Fiyatların uçuk seviyede olduğu tatil bölgelerine olan akının krizden etkilenmeyen ya da oldukça sınırlı etkilenen durumu iyi olan insanlardan olduğunu düşünmüştük.
Ancak görece orta gelirli ve ortanın altı sınıflardaki bu hareketliliği anlamak, açıklamak ilk etapta bana da oldukça zor geldi. Bizzat kendimden biliyorum, her şey oldukça pahalı, her geçen gün daha da pahalı hale geliyor ve bizim sürekli standardımız düşüyor.
***
Üzerine bir hayli düşündüm.
1000 km gidiş ve 1000 km dönüş toplam 2.000 km yapar. Nereden baksanız 3-4 depo akaryakıttan bahsediyoruz.

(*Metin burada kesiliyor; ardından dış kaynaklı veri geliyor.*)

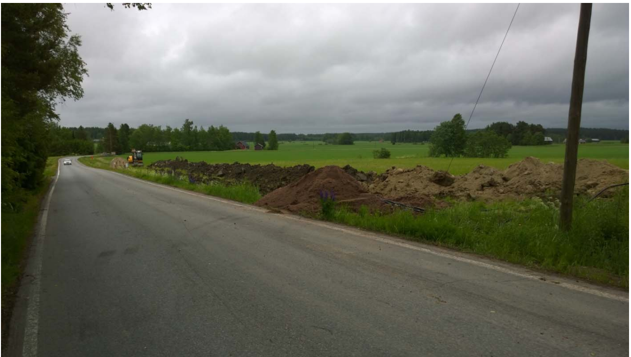
AKDG 5265:16. Valvonnan lopputilanne Vanhan-Laurilan itäpuolella, lännestä.

Viemärikaivanto kaivettiin valvotulla kohdalla kokonaan Katinhännäntien eteläpuolelle. Valvottu osuus oli savipeltoa, lukuun ottamatta Vanhan-Laurilan pihapiiriä, jossa oli pihanurmen alla 20-30 cm savista vanhaa peltomultaa ja sen alla vaalea hietamoreeni. Ainoa perusmaasta poikkeava havainto tehtiin Vanhan-Laurilan pihatiestä 30 metriä lounaaseen. Pihapiirin länsisyryjällä tuli vastaan hiilinen ja nokinen, palanutta kiveä, puusäleitä ja tiiliä sisältävä, noin 30-40 cm:n syvyydelle jatkuva alue muutaman metrin alueella. Vaikuttaa siltä, että kyseessä voisi olla joko tulisijan paikka tai sitten tälle paikalle siivottu tulisijan jäännös. Valvonnassa ei saatu ainoatakaan esinelöytöä.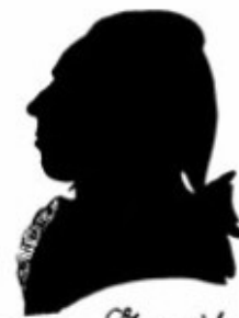
Charles Stamitz. v. 22 Jan: 1789.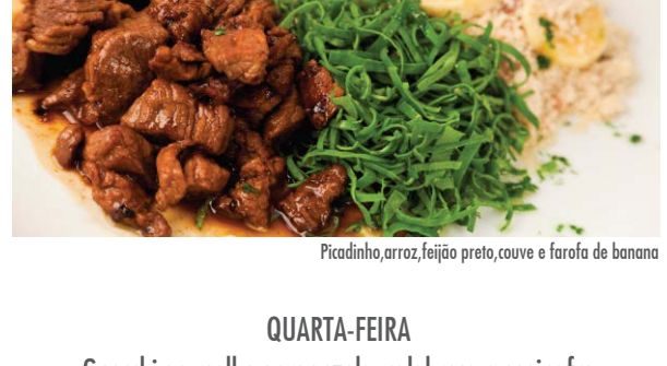
Picadinho, arroz, feijão preto, couve e farofa de banana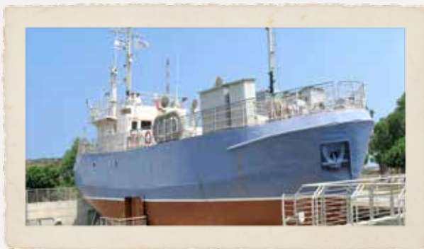
דגם של אוניית מעפילים שהוצבה במוזיאון ההעפלה בעתלית בסיוע קרן בוקסנבאום-נטע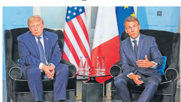
राष्ट्रपति डोनाल्ड ट्रंप सोमवार को फ्रांस के एवियन-लेस-बेन्स में G7 शिखर सम्मेलन के दौरान फ्रांस के राष्ट्रपति इमैनुएल मैकॉन से मुलाकात करते हुए।

एजेंसी। एवियन-लेस-बेन्स (फ्रांस)। अमेरिकी राष्ट्रपति डोनाल्ड ट्रंप जी-7 शिखर सम्मेलन में भाग लेने के लिए सोमवार को फ्रांस पहुंचे, जहां वह दुनिया के प्रमुख औद्योगिक देशों के नेताओं के साथ बैठक करेंगे। राष्ट्रपति जी-7 बैठक के मौके पर जिन नेताओं के साथ वे बातचीत भी करेंगे, उनमें कुछ नेता ऐसे भी हैं जो ईरान युद्ध में अमेरिका की रणनीति के विरोधी रहे हैं।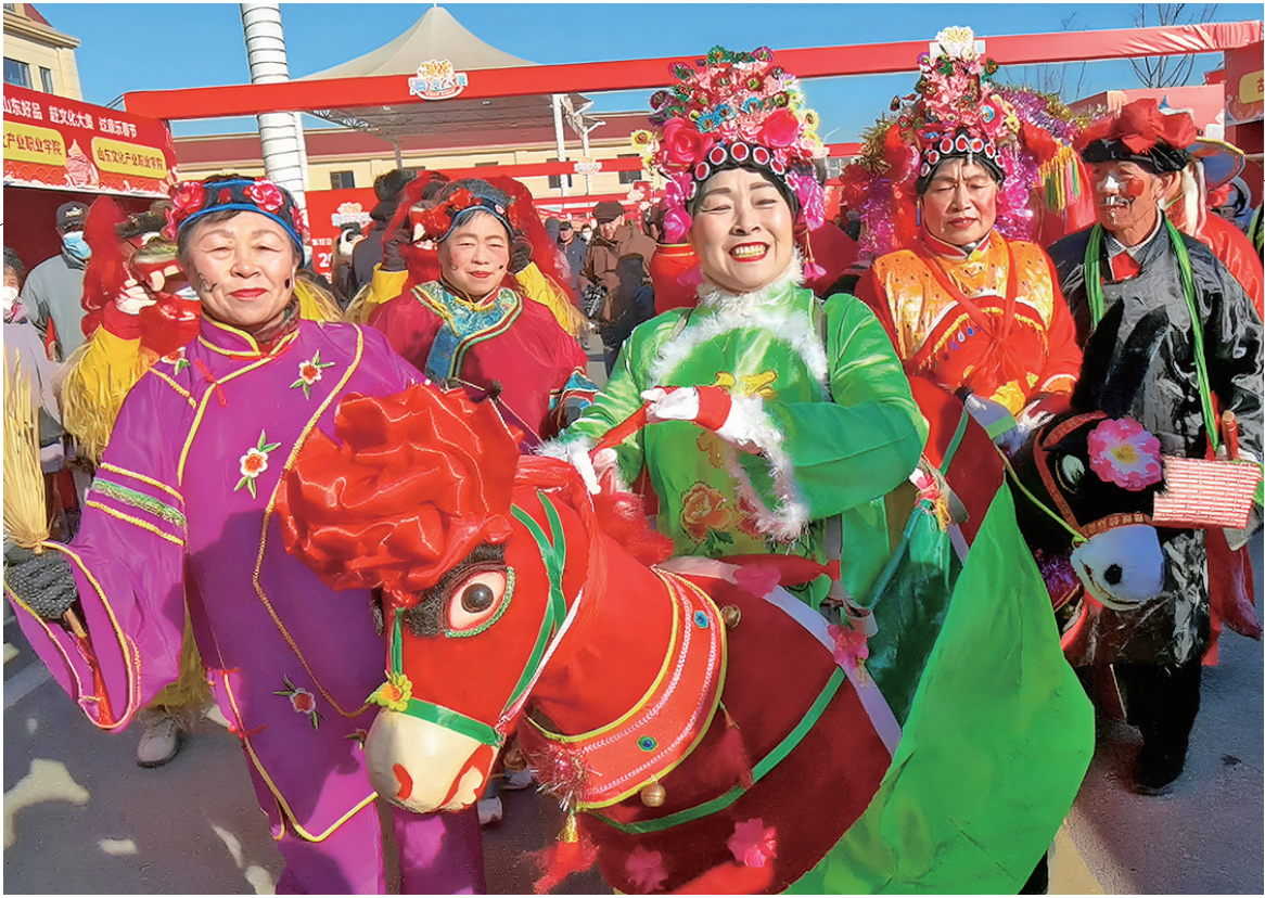
■2025山东省“海洋大集”新春季在青岛启动。

非遗展演是文化传承的重要手段之一。通过创新开展的展演活动,非物质文化遗产得以在公众面前展示,公众对传统文化有了详细了解,从而形成对非遗保护传承的有力推动。新春季活动期间,非遗“好戏连台”如“繁花”绽放,既接地气,又有新意。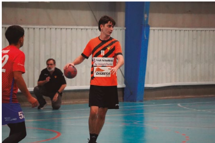
El conjunto llagostense es el noveno clasificado.

Por otra parte, el Vallag femenino empató (36-36) el domingo con el Laietà de Argentona. En el descanso, la igualdad era máxima (19-19). El Vallag se mantiene en tercera posición en el grupo C de la Primera Catalana con 21 pun-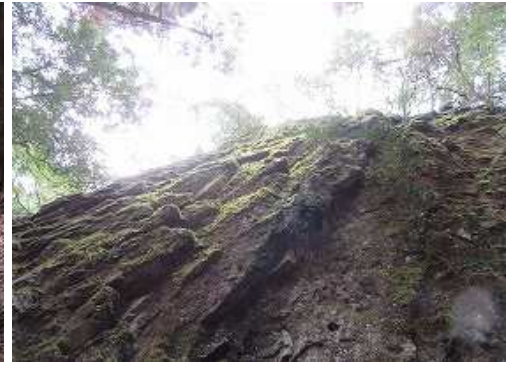
不動岩の苔むす北岸壁上部を見上げる。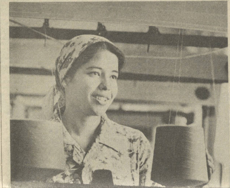
Кенг истеъмоли буюмлари—халққа ҒОЛИБЛАР САФИДА

Бригадамиз бинокорлари шанбалик ўтказилиши ҳақидаги хушхабарни қизғин маъқуллаб, кўтаринки кайфиятда кутиб олдилар.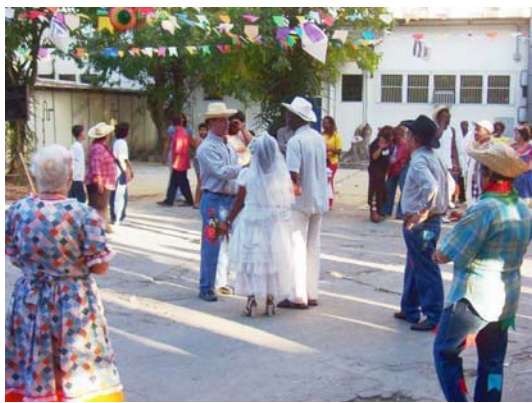
figura 77 - Quadrilha na festa junina conta com a participação do chefe e de pacientes. (PENNA, 2003)

Outra característica que percebemos no Centro de Saúde é a forte relação que a instituição tem com a comunidade. Ao adotar uma proposta de promoção da saúde radical nos últimos anos, como afirma a atual chefia 45 , a relação com a comunidade extrapola a assistência e a orientação para saúde convencional. Há um forte sentido de pertencimento da comunidade em relação ao Centro de Saúde e vice-versa. Durante esta pesquisa, por diversas vezes tivemos a oportunidade de participar de atividades e eventos organizados pelos grupos de promoção da saúde e pela própria administração do Centro de Saúde, que promovem a integração entre usuários internos e externos (figuras 77 e 78). Ainda que esta integração não seja uma realidade para toda a comunidade de Manguinhos, a impressão é que o Centro de Saúde hoje é uma instituição acessível e plenamente integrada à comunidade.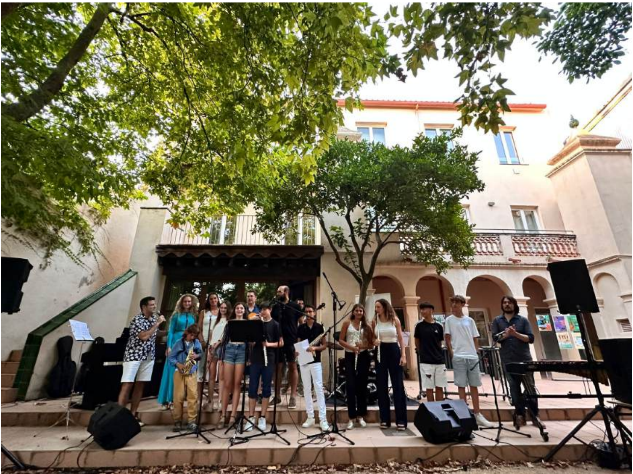
Alumnes participants al concert de combo del pati de l’Escola de Música

Amb motiu de l'anul·lació del “Dia de l’EMMú” del passat 22 de març, els alumnes de combo de l’Escola de Música, juntament amb combos de Palafrugell, l’Escola SarriArt i el Conservatori de Música de Girona es van trobar per realitzar un concert conjunt al pati de l’Escola de Música que va durar tota la tarda.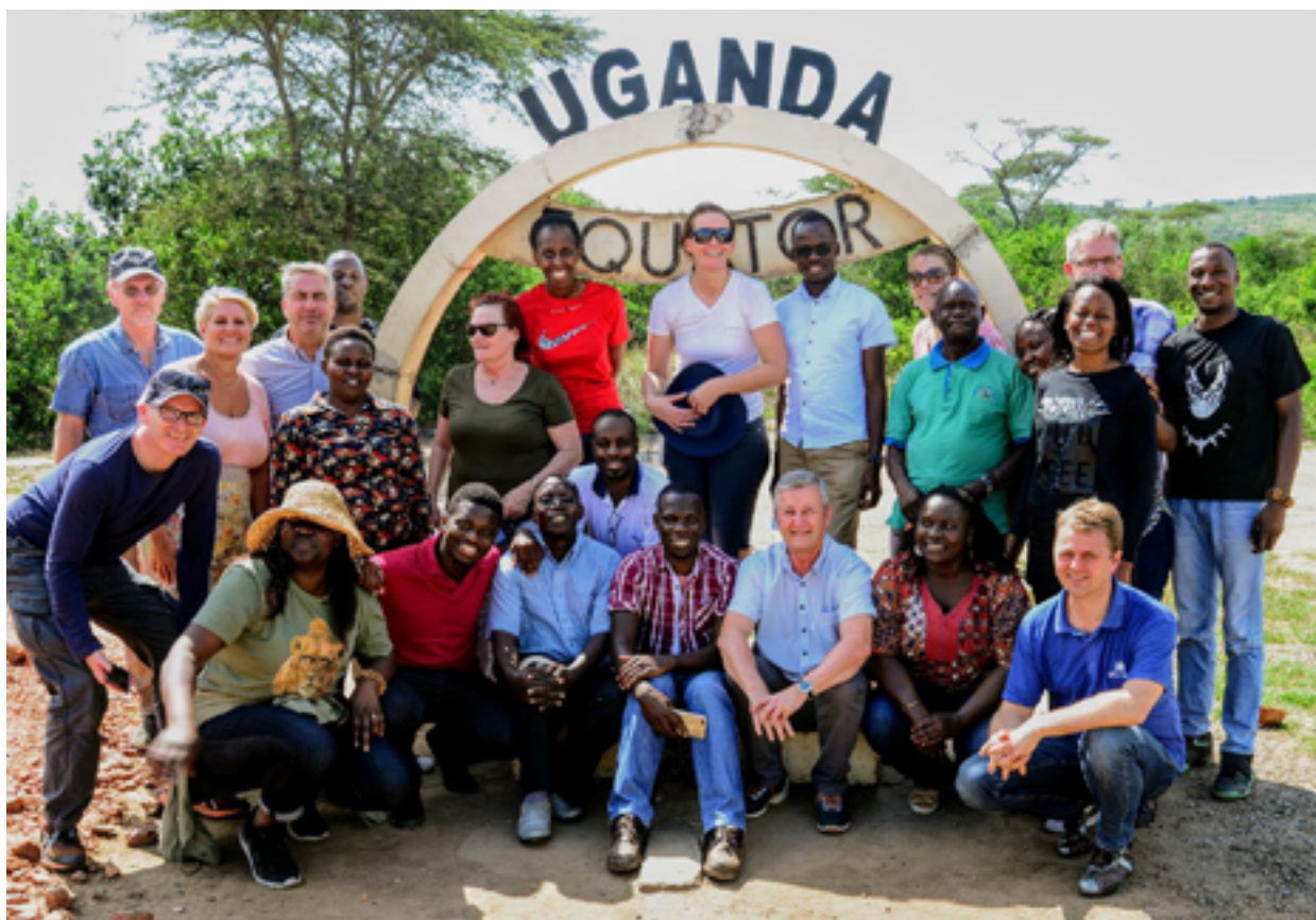
Fra avslutningsworkshopen i Uganda hvor prosjektdeltakere fra NLA, Uganda Christian University og University of KwaZulu-Natal feiret målene som ble oppnådd i nåværende prosjekt, som varte fra 2013 til 2020.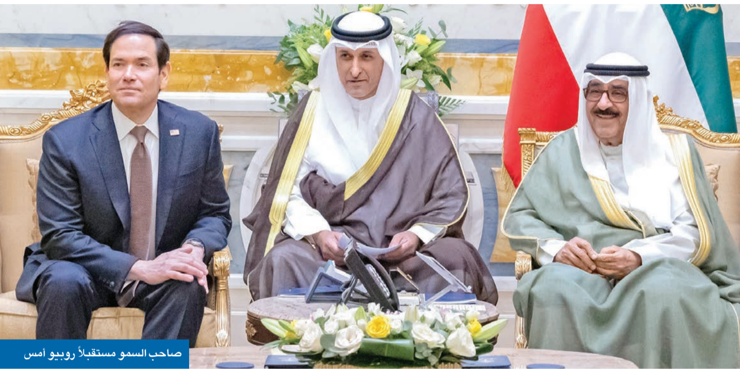
صاحب السمو مستقبلاً روبيو أمس

وزير الخارجية الأميركي: نتطلع إلى تعزيز شراكتنا في مختلف المجالات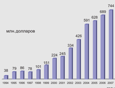
Фирма «Гити Тайр» на рынке Китая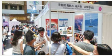
舞鶴観光ブランドプロモーション戦略事業【2,876万円】 首都圏などでの誘客プロモーションや外国人観光客誘致の強化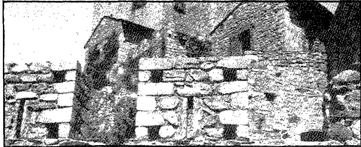
El castell de Requesens ha sofert reconstruccions molt poc respectuoses amb la història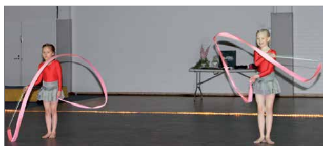
Välinevoimistelu "Kohti kesää".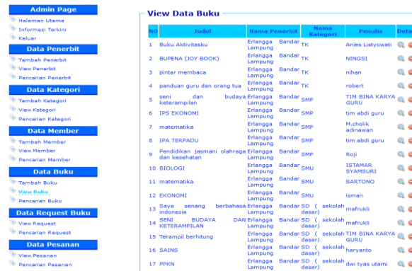
Gambar 5 Tampilan Menu Admin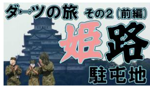
ダーツの旅（第1弾～第2弾）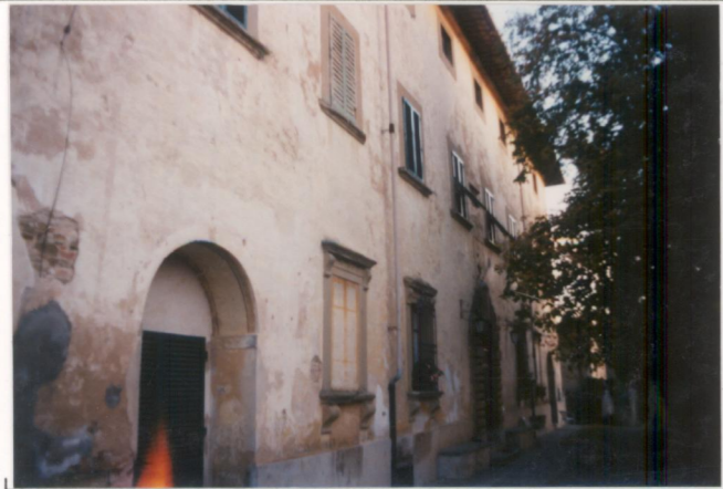
p.v. N. 1

Yani iyi ihtimalle sadece ulaşım maliyeti 3.000 – 4.000 TL iken nasıl olurdu böyle bir akın?
Etrafımdaki arkadaşlarımın bayramda ne yaptığına şöyle bir baktım. Böyle durumlarda elimizde çok fazla veri olmuyor. Dolayısıyla gözlemlerle bir çıkarsama yapmaya çalışıyoruz.
Bu gözlemlerden edindiğim izlenim de aslında ilk başta tatil bölgelerine olan akın ile hemen hemen örtüşüyor.
Kabaca birkaç örnek ile özetleyeyim. Ancak lütfen genelleme olarak almayın. Elbette herkes aşağıdaki gibi davranmıyor ancak bu gözlemler genel olarak bir fikir verebiliyor.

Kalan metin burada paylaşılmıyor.